-- Recorded information follows --
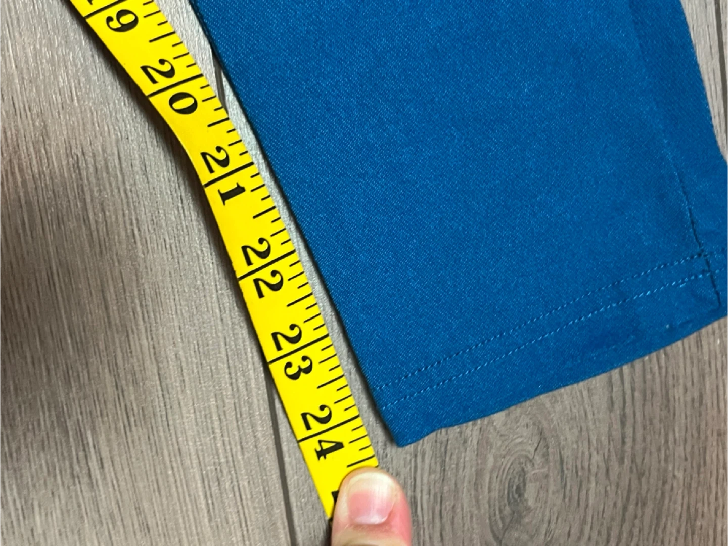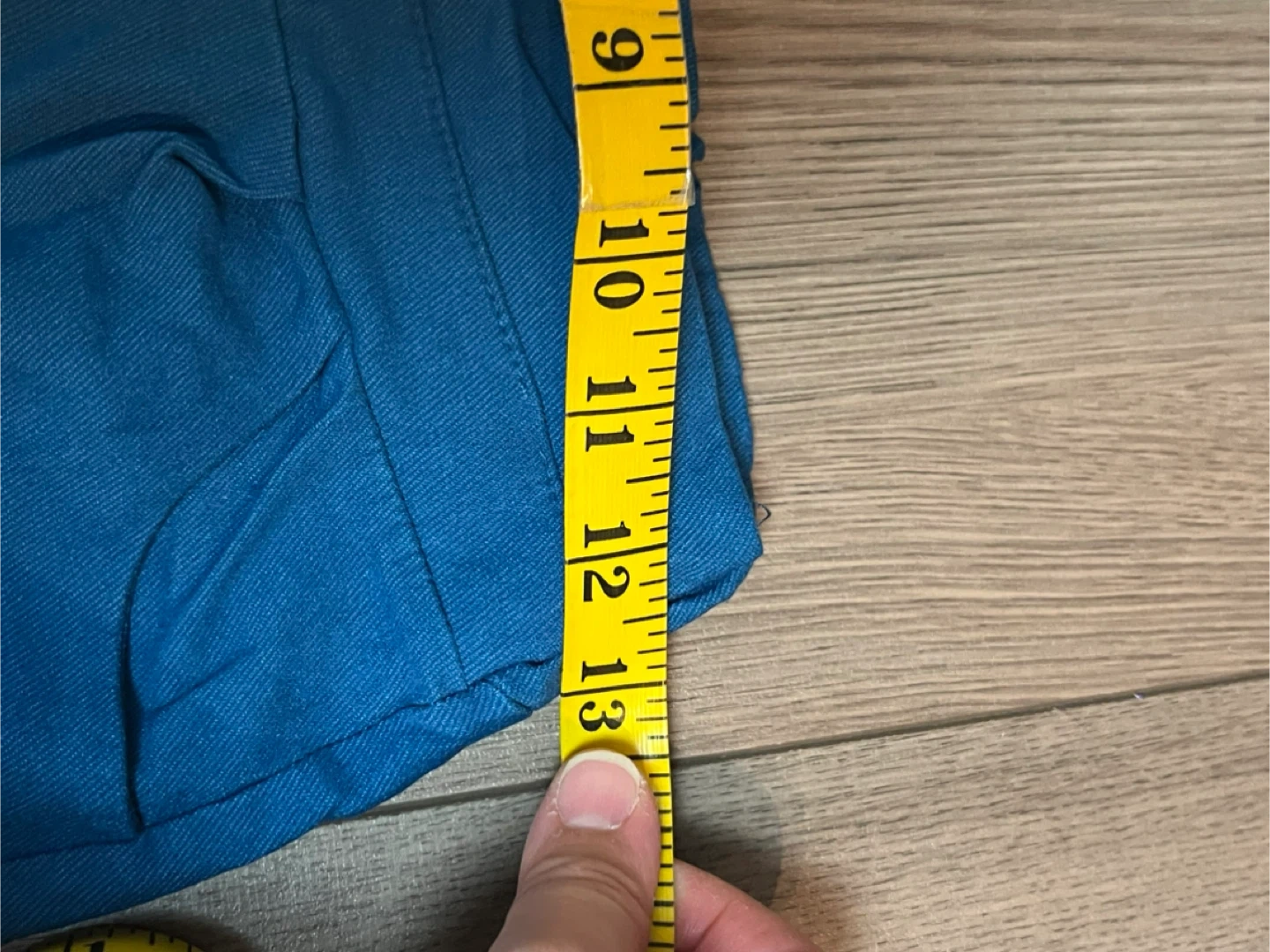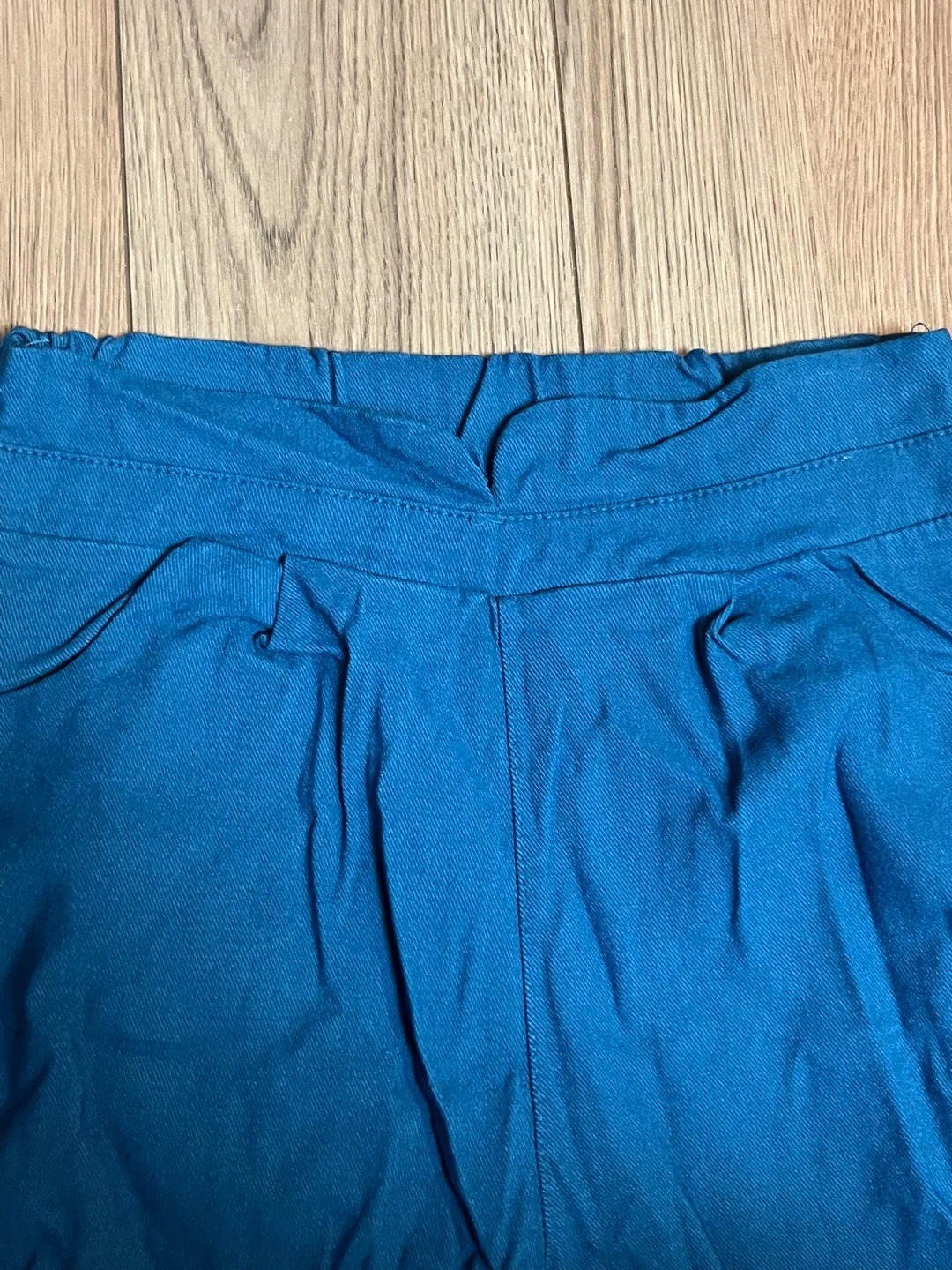 Selling a pair of blue pants. The waist measures approximately 12 inches when laid flat, and the length is about 24 inches. They are in great condition!
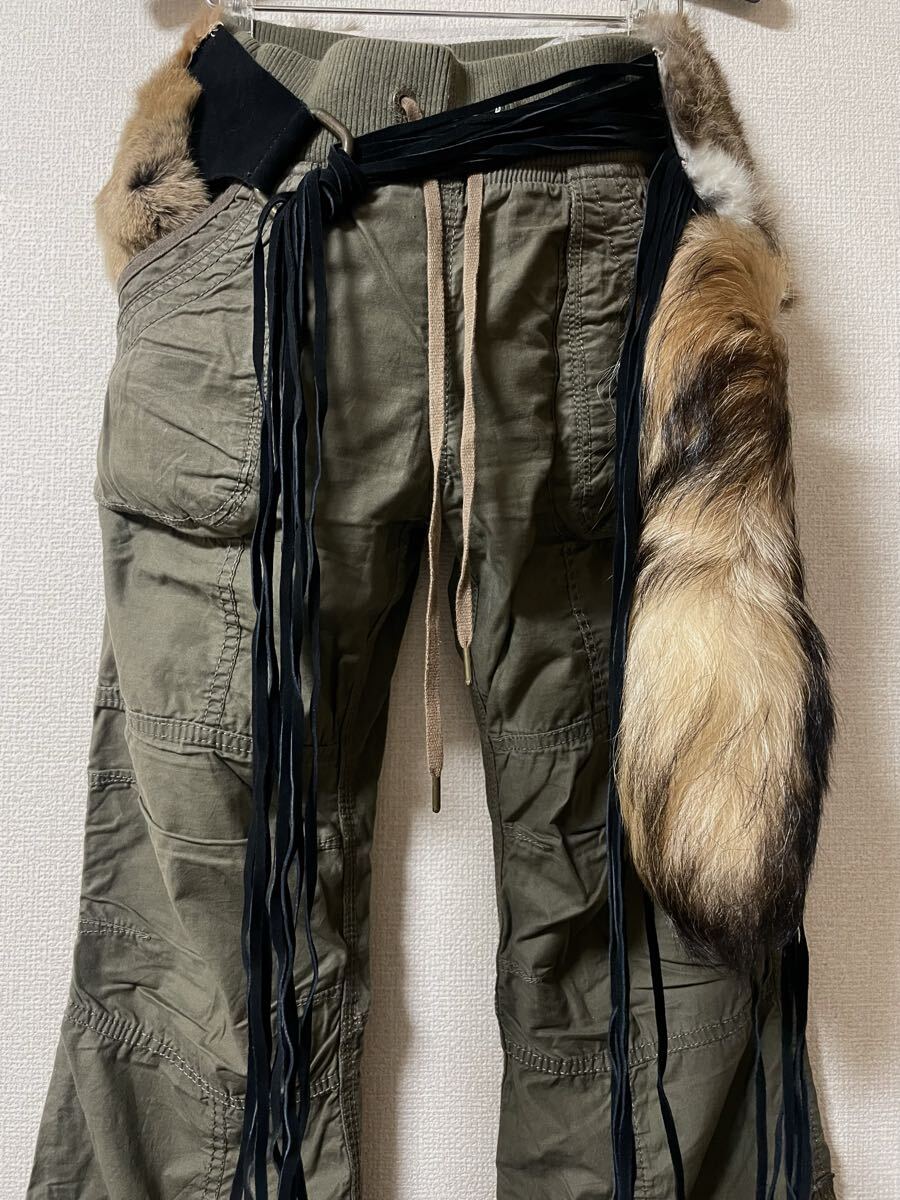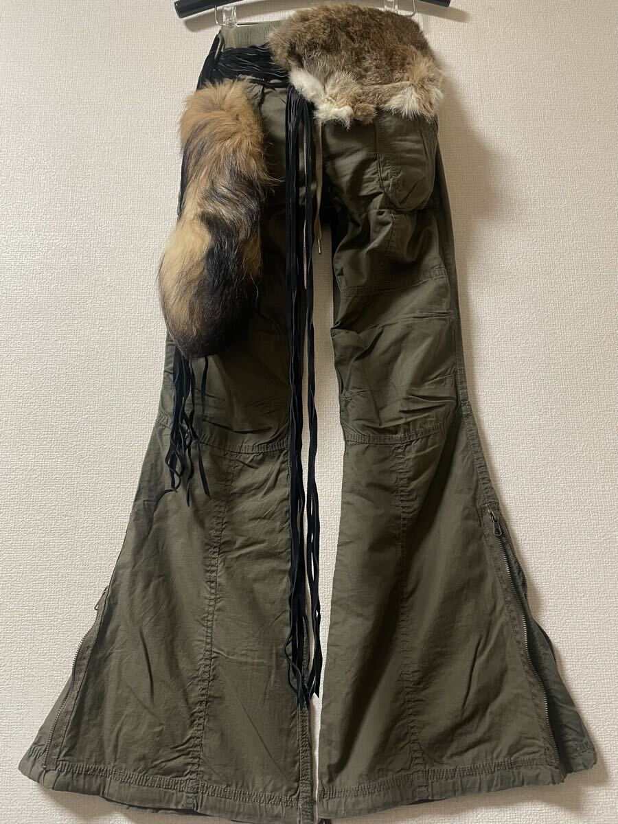 goa g.o.a vintage military rabbit fur belt gimmick ZIP Parachute Cargo flare Pants
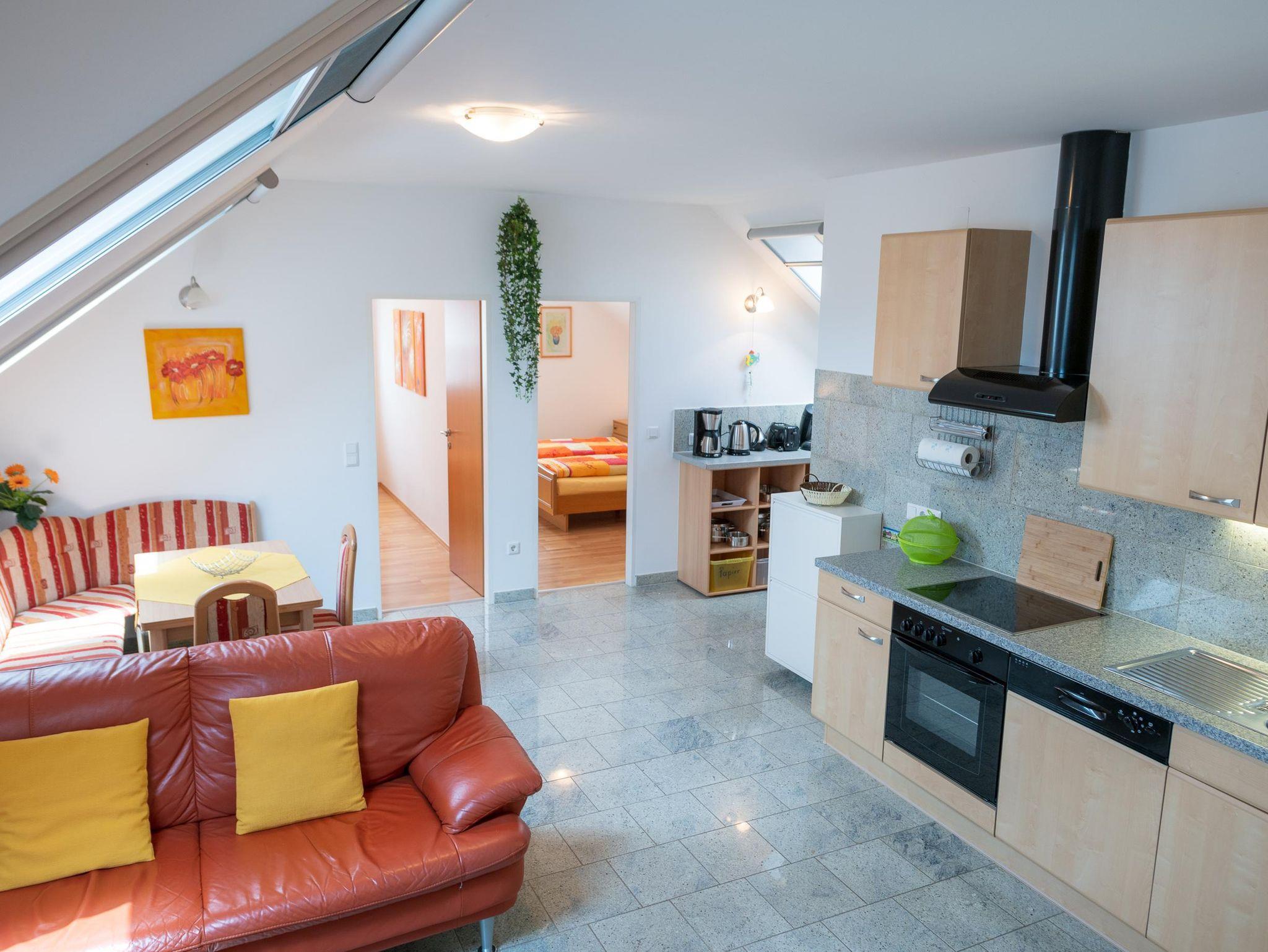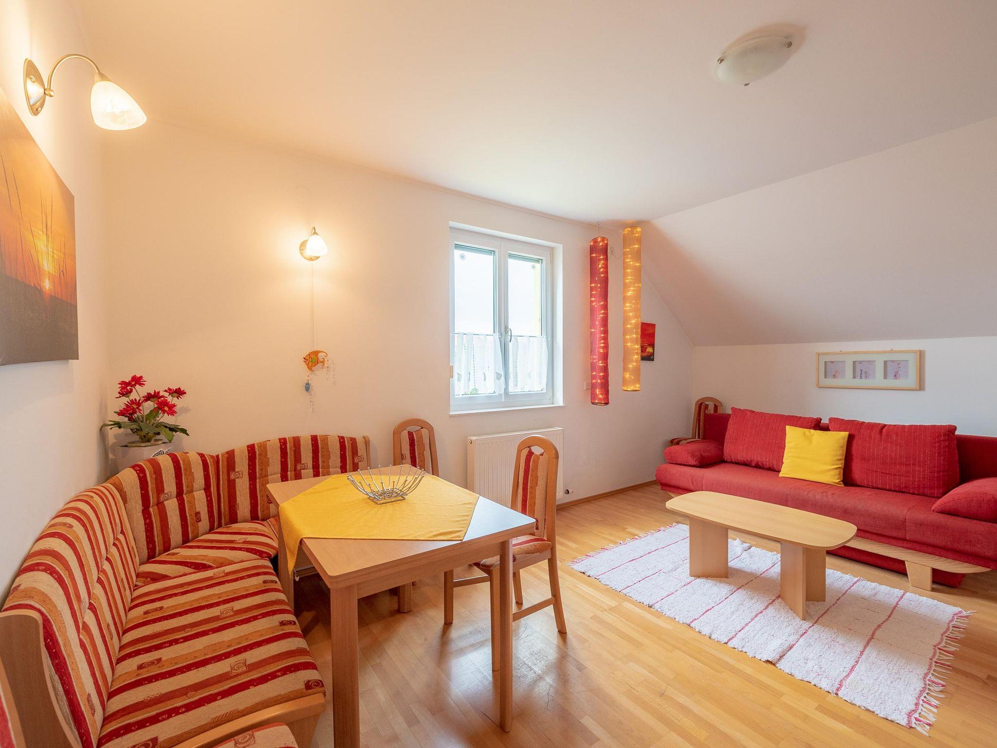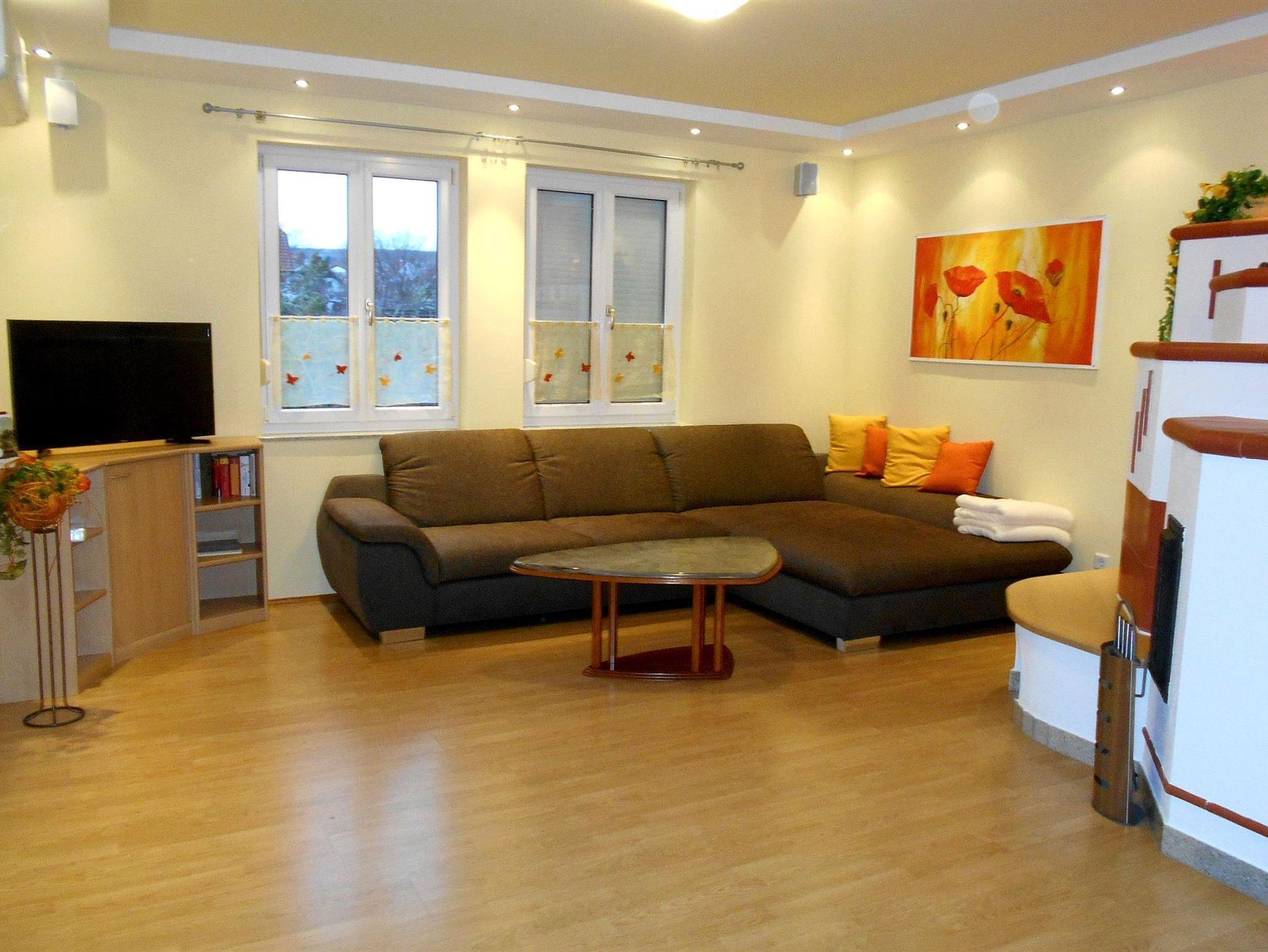 Die Wohnung ist 72 m² groß, hat 1 Schlafzimmer. Das Appartement ist voll ausgestattet: Föhn, Hand- u. Badetücher, Bettwäsche sowie Geschirr, 4-Plattenherd, Geschirrspühler, Gefrierschrank, Kaffeemaschine, sowie eine Kaffeepadmaschine, Toaster, Wasserkocher, Mikrowelle, Kabel-TV und Internetanschluß in der Wohnung, WLAN im ganzen Haus und Garten gratis. Auch Parkplätze stehen gratis zur verfügung
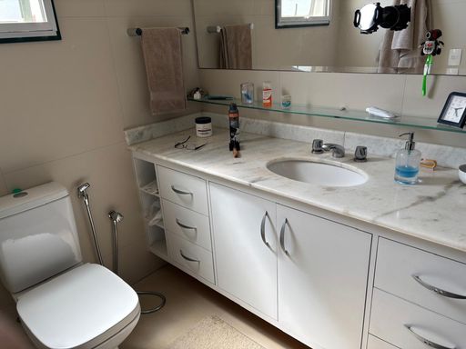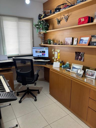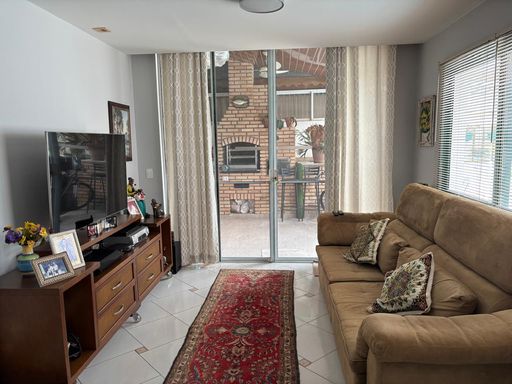 O imóvel conta com 3 dormitórios, sendo 1 suíte com armários, além de escritório, ideal para home office. Os ambientes são amplos e bem distribuídos, com sala de estar, sala de TV e sala de jantar integradas à área gourmet, equipada com churrasqueira, armários e pia, perfeita para receber amigos e familiares, com agradável integração à piscina.
-- Recorded information concluded --
▶ [What is required] Starting with the line that holds "goa g.o.a vintage", retype each line through the last one in the listing above, exactly as written. Do not copy any pictures.

▶ [Answer below]
 goa g.o.a vintage military rabbit fur belt gimmick ZIP Parachute Cargo flare Pants
 Die Wohnung ist 72 m² groß, hat 1 Schlafzimmer. Das Appartement ist voll ausgestattet: Föhn, Hand- u. Badetücher, Bettwäsche sowie Geschirr, 4-Plattenherd, Geschirrspühler, Gefrierschrank, Kaffeemaschine, sowie eine Kaffeepadmaschine, Toaster, Wasserkocher, Mikrowelle, Kabel-TV und Internetanschluß in der Wohnung, WLAN im ganzen Haus und Garten gratis. Auch Parkplätze stehen gratis zur verfügung
 O imóvel conta com 3 dormitórios, sendo 1 suíte com armários, além de escritório, ideal para home office. Os ambientes são amplos e bem distribuídos, com sala de estar, sala de TV e sala de jantar integradas à área gourmet, equipada com churrasqueira, armários e pia, perfeita para receber amigos e familiares, com agradável integração à piscina.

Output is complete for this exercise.